6. Closing of accounts
Once I was so mad at myself for charging a credit card that I paid for it and immediately canceled it. It felt good for about 60 seconds. And then I remembered the role “available credit” plays in our credit scores. Essentially, creditors want us to have access to all kinds of money that we are too disciplined to touch. Let’s say you have five credit cards, each with an available balance of $2,000. That’s a total of $10,000 available to you. The lower the balance of these cards, the more you have. Now, if you cancel one of those cards, your total available credit drops to $8,000, and that doesn’t sound so good.

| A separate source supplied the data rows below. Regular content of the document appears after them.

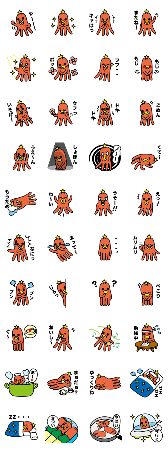 スタンプ説明 お弁当のソーセージにそっくり。宇宙からやってきたタコぽんでーす。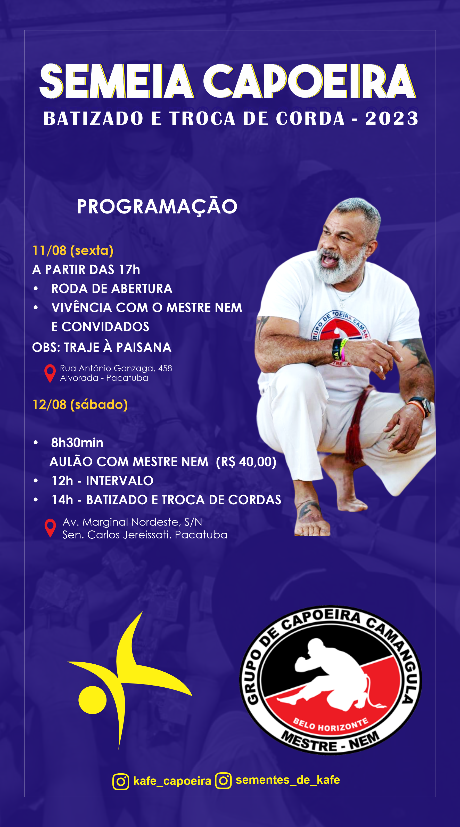 O Semeia Capoeira é o evento anual de Batizado e Troca de Corda em que os alunos são apresentados a comunidade da capoeira e interagem com outros grupos, proporcionando assim encontros intergeracionais.A partir dele os alunos recebem sua corda conforme sua graduação, valorizando assim os esforços realizado no decorrer do ano. A primeira edição ocorreu nos dias 11 e 12 de agosto de 2023, apresentando convidados internacionais e contando com o apoio da prefeitura de Pacatuba e de membros da sociedade civil. O evento aconteceu em 2 dias, no primeiro dia tivemos uma roda de abertura e vivência com Fundador do grupo Mestre Nem e no 2º dia tivemos um aulão e os batizados.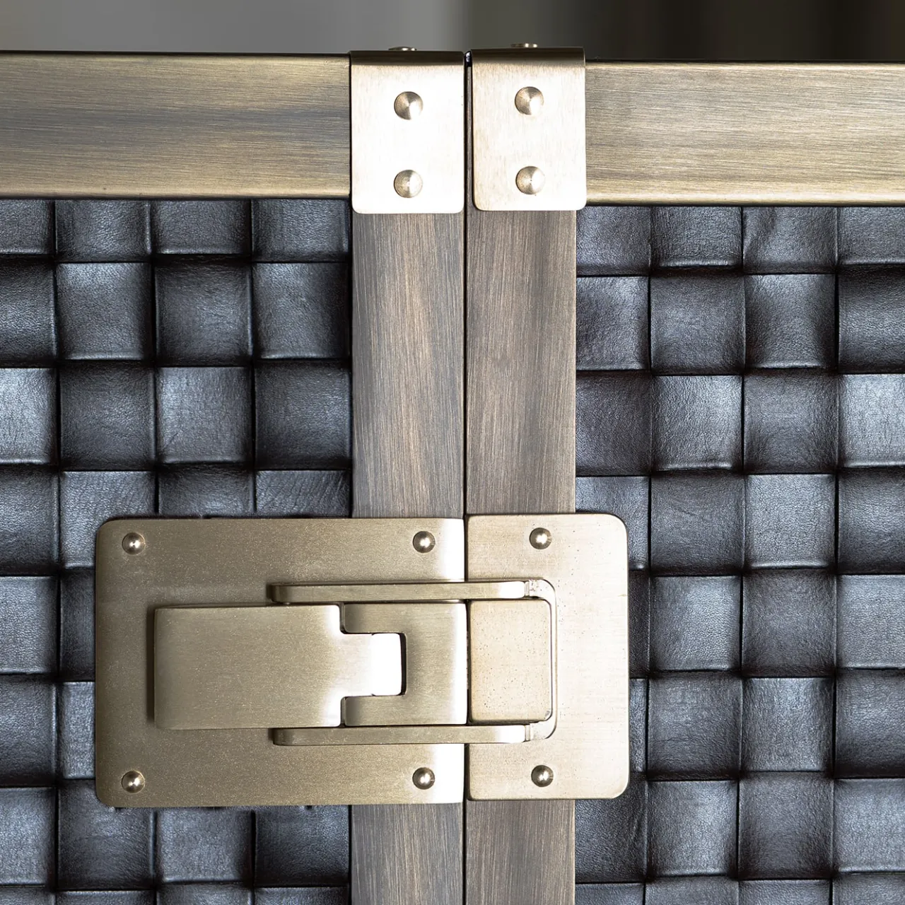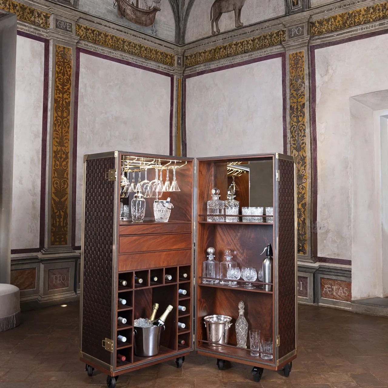 Il mobile bar “London” è progettato per ammirare e assaporare liquori rari ed esclusivi e vini pregiati. La parte esterna è rivestita in pelle intrecciata, con profili e maniglie in ottone bronzato. Le serrature e i paraspigoli sono in ottone opaco. La parte interna è in legno di mogano, con dettagli in pelle e specchi bronzati in tinta. La retroilluminazione a LED è inclusa.

If you pay an annual fee for a card, have the card refunded, then call the card issuer and ask them to reduce or eliminate the fee. Unless your credit score is so high that you can afford to take a hit, don’t cancel the card.
Read more: How much available credit should I have?
7. Forgetting to reward yourself
We humans are emotional beings (some of us more so than others). I would be lying if I said that paying off debt is fun, but it can be rewarding.
Why not set up a reward system? For example, buy a new video game every time your balances drop an additional $1,000. Invite a few friends over for dinner whenever the sales drop by $750. Plan an inexpensive weekend when a particular credit card is paid in full. In other words, build rewards into your deleveraging plan. You will have earned them.
If you’ve ever quit a job that made you unhappy or broke up with someone you weren’t right for, you know how powerful it is to take control of your life. Debt repayment should be celebrated. As you find that you have more money left in your bank account each month, you should be celebrated.